___ The data ___

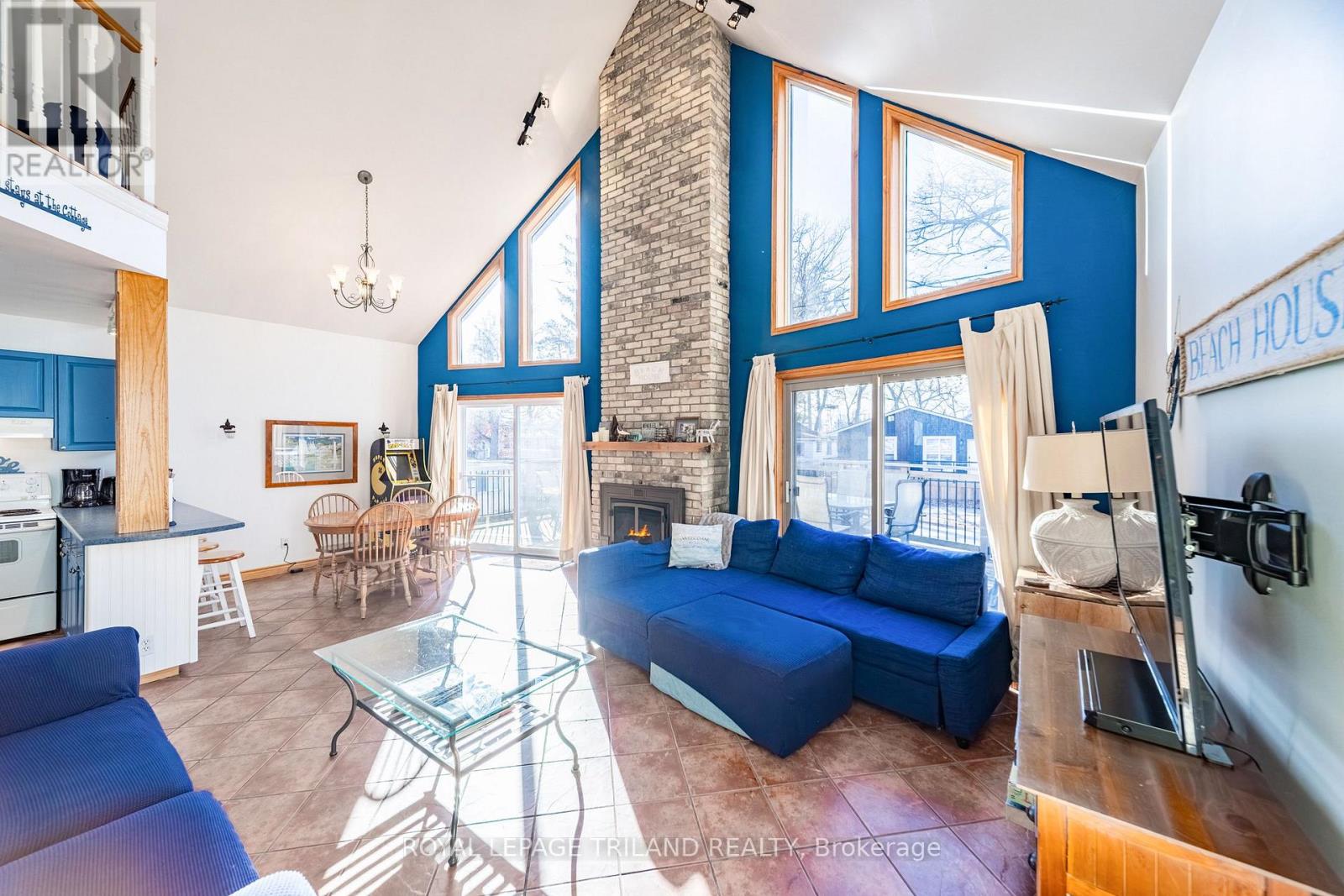 Fabulous Viceroy-style home or cottage featuring dramatic, towering prow windows and an airy two-story great room with natural fireplace. Located in the heart of the beach village of Grand Bend, just a short 3.5 minute walk (320 mtrs) to the town's famous sandy beach and legendary sunsets. Enjoy peace of mind with a bomb-proof metal roof and year-round comfort with forced-air gas furnace and central air. This property is offered fully furnished as a true turn-key package, including all appliances, furniture, BBQ, outdoor furniture, beach chairs, umbrellas, TVs, and central vacuum, the list goes on. Many updates have been in recent years including the kitchen, which was just re-faced in 2024, plus the expansion of parking on site & backyard hardscaping with new concrete surfaces at front and back of home. The spacious laundry room is so large it functions almost like a second kitchen - perfect for entertaining or extended stays. The home offers 4 generous bedrooms, including a main-floor primary suite, and two FULL bathrooms. Step outside to the impressive 30 ft x 10 ft front deck-ideal for morning coffee, summer dining, or relaxing after a day at the beach. Two skylights enhance the bright, open feel throughout. Additional highlights include a cement driveway with ample parking, attached extra-deep single garage with inside entry to the home, and unbeatable walkability to Main Street shopping, dining, and entertainment just 2 minutes away and of course, to the 3rd best beach in Canada just 3.5 minutes away. Park-and-play convenience with all amenities at your doorstep! An exceptional opportunity to create lifelong family memories, enjoy beach-town living, and own an excellent investment-priced right and ready to enjoy immediately. (id:64974)
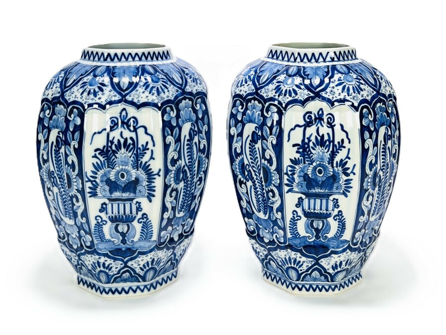 Paar aardewerk Delfts blauwe vazen, uitgevoerd in balustervorm en gedecoreerd met florale cartouches, bladmotieven en geometrische randornamenten in kobaltblauw onder glazuur. De vazen vormen een stel en vertonen lichte variaties in handbeschildering. Voorzien van geschilderde merken aan de onderzijde. Vervaardigd in Nederland in het midden van de 20e eeuw.
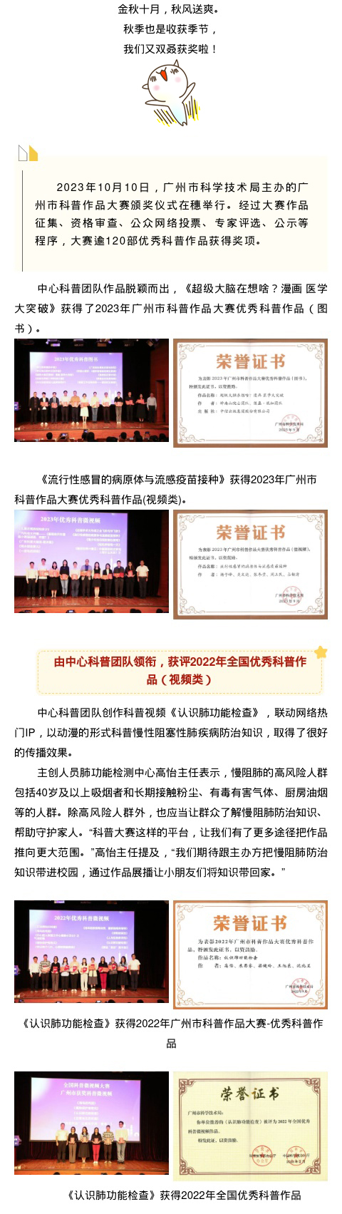 【喜讯速递】2023年广州市科普作品大赛,中心科普团队再获佳绩
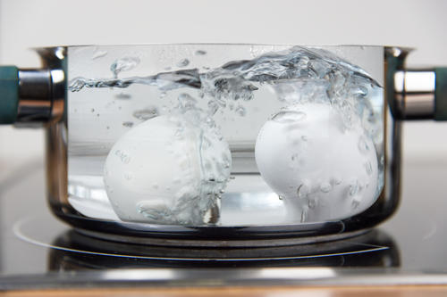 - 水に塩を少し入れて沸騰させる:沸騰したお湯に塩を入れると「突沸」とよばれる現象が起こり、ゴボゴボと煮えたぎる。その状態の中に卵を入れることで卵が自然と動き、白身の中の黄身の位置が偏ることがなくなる。また、塩を入れることで加熱のムラもなくなることも関係していると思われる。塩を入れた時に湯がとびちることもあるので十分に注意しよう。

___

Problem details => The answer must repeat every line of the listing exactly and leave the pictures out.

Response =>
 Fabulous Viceroy-style home or cottage featuring dramatic, towering prow windows and an airy two-story great room with natural fireplace. Located in the heart of the beach village of Grand Bend, just a short 3.5 minute walk (320 mtrs) to the town's famous sandy beach and legendary sunsets. Enjoy peace of mind with a bomb-proof metal roof and year-round comfort with forced-air gas furnace and central air. This property is offered fully furnished as a true turn-key package, including all appliances, furniture, BBQ, outdoor furniture, beach chairs, umbrellas, TVs, and central vacuum, the list goes on. Many updates have been in recent years including the kitchen, which was just re-faced in 2024, plus the expansion of parking on site & backyard hardscaping with new concrete surfaces at front and back of home. The spacious laundry room is so large it functions almost like a second kitchen - perfect for entertaining or extended stays. The home offers 4 generous bedrooms, including a main-floor primary suite, and two FULL bathrooms. Step outside to the impressive 30 ft x 10 ft front deck-ideal for morning coffee, summer dining, or relaxing after a day at the beach. Two skylights enhance the bright, open feel throughout. Additional highlights include a cement driveway with ample parking, attached extra-deep single garage with inside entry to the home, and unbeatable walkability to Main Street shopping, dining, and entertainment just 2 minutes away and of course, to the 3rd best beach in Canada just 3.5 minutes away. Park-and-play convenience with all amenities at your doorstep! An exceptional opportunity to create lifelong family memories, enjoy beach-town living, and own an excellent investment-priced right and ready to enjoy immediately. (id:64974)
 Paar aardewerk Delfts blauwe vazen, uitgevoerd in balustervorm en gedecoreerd met florale cartouches, bladmotieven en geometrische randornamenten in kobaltblauw onder glazuur. De vazen vormen een stel en vertonen lichte variaties in handbeschildering. Voorzien van geschilderde merken aan de onderzijde. Vervaardigd in Nederland in het midden van de 20e eeuw.
 【喜讯速递】2023年广州市科普作品大赛,中心科普团队再获佳绩
 - 水に塩を少し入れて沸騰させる:沸騰したお湯に塩を入れると「突沸」とよばれる現象が起こり、ゴボゴボと煮えたぎる。その状態の中に卵を入れることで卵が自然と動き、白身の中の黄身の位置が偏ることがなくなる。また、塩を入れることで加熱のムラもなくなることも関係していると思われる。塩を入れた時に湯がとびちることもあるので十分に注意しよう。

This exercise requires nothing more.